Be sure the capillary strip extends into the reservoir when you place the planter basket on top of the reservoir.

Which leads to the issue of filling the reservoir … At 1.5 gallons, it needs frequent filling – and that’s a bit of a problem because of the design of the Gardener’s Revolution® Tomato Garden.

Filling the Reservoir – The opening for the water spout is mostly hidden under the planter basket, making it very difficult to fill. I had to use either a small watering can (not ideal when you’re trying to get 1.5 gallons of water into the reservoir) or the “jet” setting on a hose nozzle (which gives a narrow stream of water but does it at high pressure so water tends to splash everywhere). Alternatively, you can try to pull the spout outward when filling it – but that’s very hard to do. It would be much easier to use the reservoir if the spout was larger.

spout on Revolution tomato planter reservoir

The water filling spout is mostly hidden underneath the planter basket, making it very difficult to fill.

Planting Container – The “container” consists of a perforated planter (it looks like a honeycomb) with a lightweight Grow Bag liner in which the tomato is planted. The goal is to air-prune roots, which is said to create a dense, vigorous root system that can take up more water and nutrients. The honeycomb planter helps keep the Grow Bag stable and cuts down on evaporation. I’m not sure if the roots were any more vigorous than if they’d been grown in a traditional container, but the plant grew well and the potting mix didn’t dry out too quickly.

wire rings

The wire support rings can be easily moved up and down, or opened and reattached as needed to corral tomato stems.

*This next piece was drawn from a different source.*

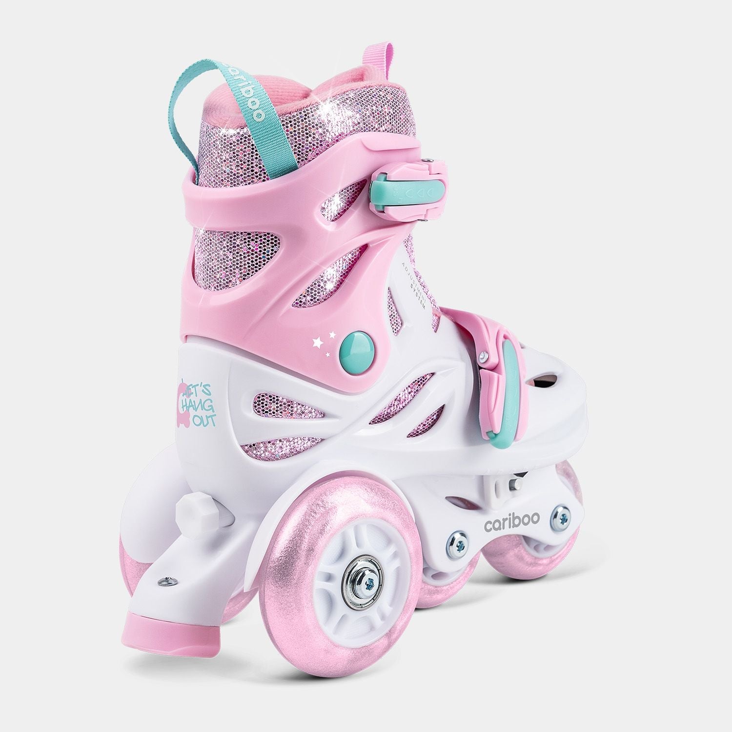 The Ballerina inline skates from Cariboo are designed to help children take their first steps in skating. The special construction ensures stability and makes it very easy to maintain balance. The skates feature two smaller front wheels arranged like in classic inline skates, and two larger rear wheels positioned like in traditional roller skates. This design guarantees a safe and enjoyable start.

Support Rings – Another nice feature is the five wire rings that attach to the upright support – they can be moved up and down as the plant grows, and can be opened and reattached to gather up wayward stems. The rings can be hard to remove or reattach (keep your pliers handy) but, overall, the system works well.

Product Details

  • Planter and support: UV-resistant polypropylene, BPA-free polypropylene liner, aluminum, powder-coated steel wire
  • 50-1/4″ H x 16″ W x 13-1/4″ deep overall
  • Support is 34″ H
  • Five Snap-Lock Rings are 14-1/2″ L x 8-1/2″ W
  • Reservoir holds 1-1/2 gallons


Overall, this is a nice planter for growing tomatoes in a smaller space. The biggest issue I had with it was around material quality. Many of the parts didn’t fit together cleanly and had to be forced (for example, we needed pliers to get the wire support rings in place). The support upright wobbled. And the spout used to fill the water reservoir was so small that it was very difficult to fill. On the plus side, the tomato grew well, the potting mix stayed moist (as long as the reservoir was filled regularly) and the planter took up very little space.

Where to Buy

The Gardener’s Revolution® Tomato Garden is available exclusively from Gardener’s Supply for $59.95 plus shipping. At this time it doesn’t appear to be available on Amazon.

Optional casters to roll the planter around are $11.95 for a set of four and the support extension (if your tomato gets too tall) is $12.95.

The potting mix and fertilizer can also be bought separately so you can reuse the planter year after year.